• **Your objective**
No pictures go into the copy. Write out every line below exactly.

====== Dataset excerpt

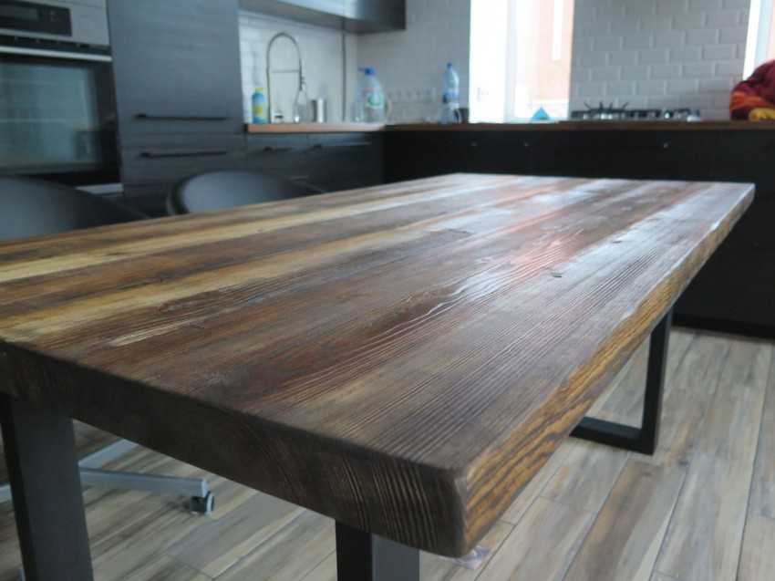 Кухонный стол, во-первых, делается из пород дерева или материалов, мало или совсем не подверженных усадке при усыхании: дуба, граба, венге, ЛДСП, МДФ. Обычная деловая древесина в кухонной атмосфере с ее скачками температуры, влажности и парами органики в воздухе лет через 5-7 начинает коробиться и трескаться даже пропитанная и под лаком. С другой стороны, размеры кухонного стола невелики. Отсюда следуют некоторые особенности его изготовления, в конечном итоге позволяющие упростить работу.
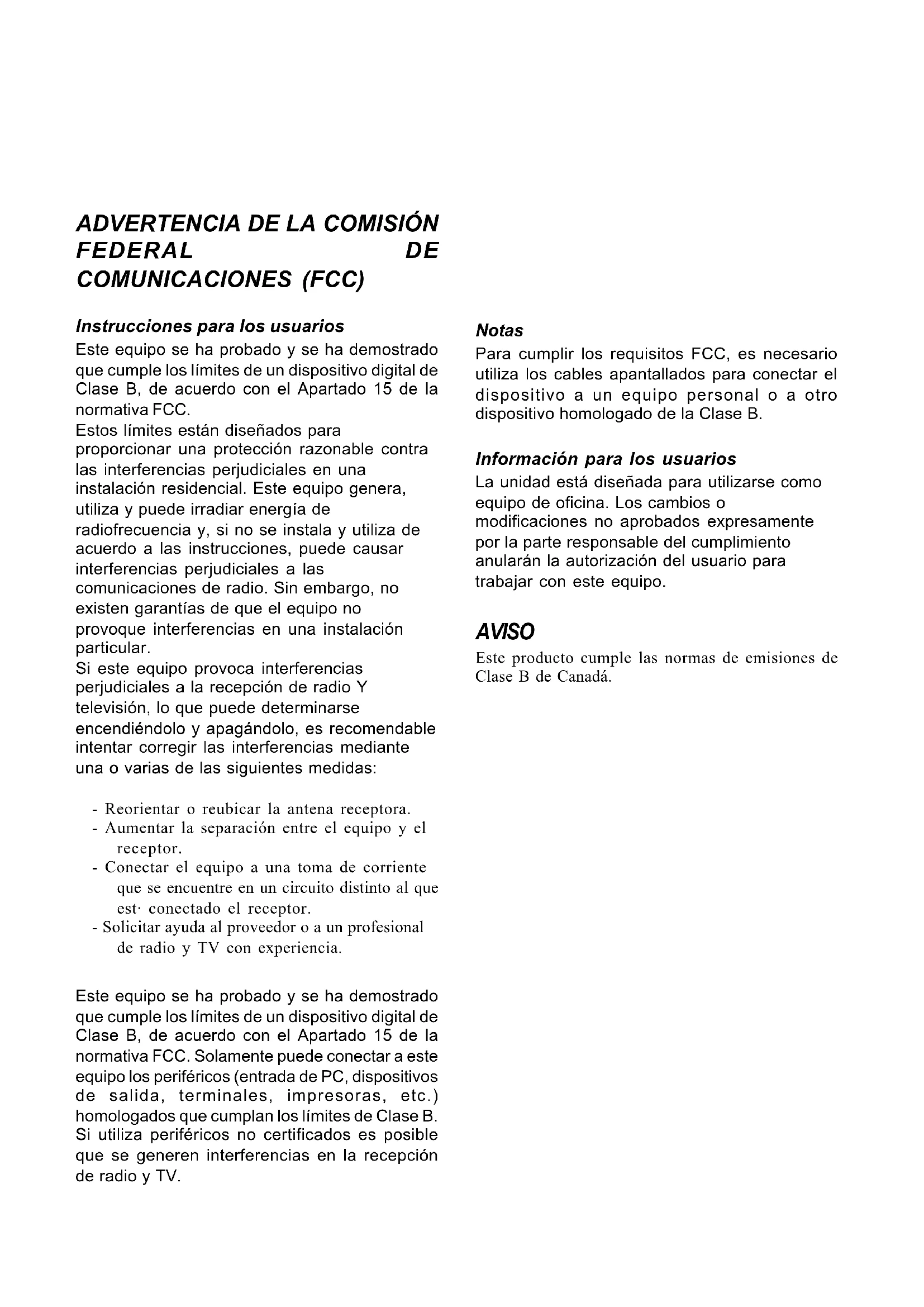 GarantieInformación para los usuarios La unidad está diseñada para utilizarse como equipo de oficina. Los cambios o modificaciones no aprobados expresamente por la parte responsable del cumplimiento anularán la autorización del usuario para trabajar con este equipo. AVISO Este producto cumple las normas de emisiones de Clase B de Canadá.
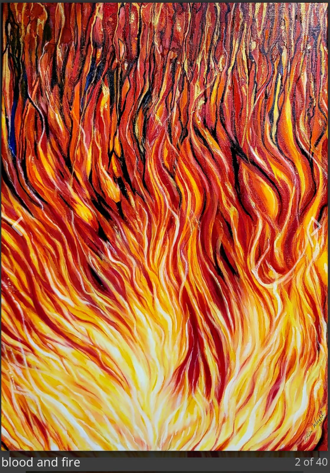 Painting by our mentor Lisa Wright. “Blood and Fire” ‘I will baptize you with water but He who comes after me will baptize you with the Holy Spi...
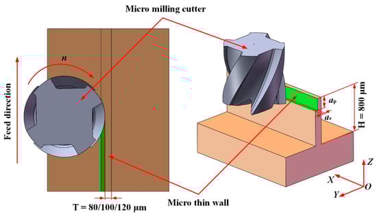 The feed per tooth is directly related to the phenomenon of minimum cutting thickness, and has a great influence on the micro milling force and machining quality due to the size effect in the micro milling process. Therefore, the feed per tooth is an important parameter in the micro milling process. In this study, the main purpose is to study the relationship between milling force and deformation of the thin wall. Considering the size effect in the microcutting process, the nonlinear force increase due to ploughing should be avoided. Therefore, the feed per tooth is greater than the minimum undeformed chip thickness. At the same time, excessive feed per tooth values are not suitable to be selected, otherwise it will make the cutting force increase, leading to larger deformation of thin walls. Therefore, the thin wall cutting parameters are determined as shown in Table 3 based on previous studies [,,,,,].

============

• **Exercise result**
 Кухонный стол, во-первых, делается из пород дерева или материалов, мало или совсем не подверженных усадке при усыхании: дуба, граба, венге, ЛДСП, МДФ. Обычная деловая древесина в кухонной атмосфере с ее скачками температуры, влажности и парами органики в воздухе лет через 5-7 начинает коробиться и трескаться даже пропитанная и под лаком. С другой стороны, размеры кухонного стола невелики. Отсюда следуют некоторые особенности его изготовления, в конечном итоге позволяющие упростить работу.
 GarantieInformación para los usuarios La unidad está diseñada para utilizarse como equipo de oficina. Los cambios o modificaciones no aprobados expresamente por la parte responsable del cumplimiento anularán la autorización del usuario para trabajar con este equipo. AVISO Este producto cumple las normas de emisiones de Clase B de Canadá.
 Painting by our mentor Lisa Wright. “Blood and Fire” ‘I will baptize you with water but He who comes after me will baptize you with the Holy Spi...
 The feed per tooth is directly related to the phenomenon of minimum cutting thickness, and has a great influence on the micro milling force and machining quality due to the size effect in the micro milling process. Therefore, the feed per tooth is an important parameter in the micro milling process. In this study, the main purpose is to study the relationship between milling force and deformation of the thin wall. Considering the size effect in the microcutting process, the nonlinear force increase due to ploughing should be avoided. Therefore, the feed per tooth is greater than the minimum undeformed chip thickness. At the same time, excessive feed per tooth values are not suitable to be selected, otherwise it will make the cutting force increase, leading to larger deformation of thin walls. Therefore, the thin wall cutting parameters are determined as shown in Table 3 based on previous studies [,,,,,].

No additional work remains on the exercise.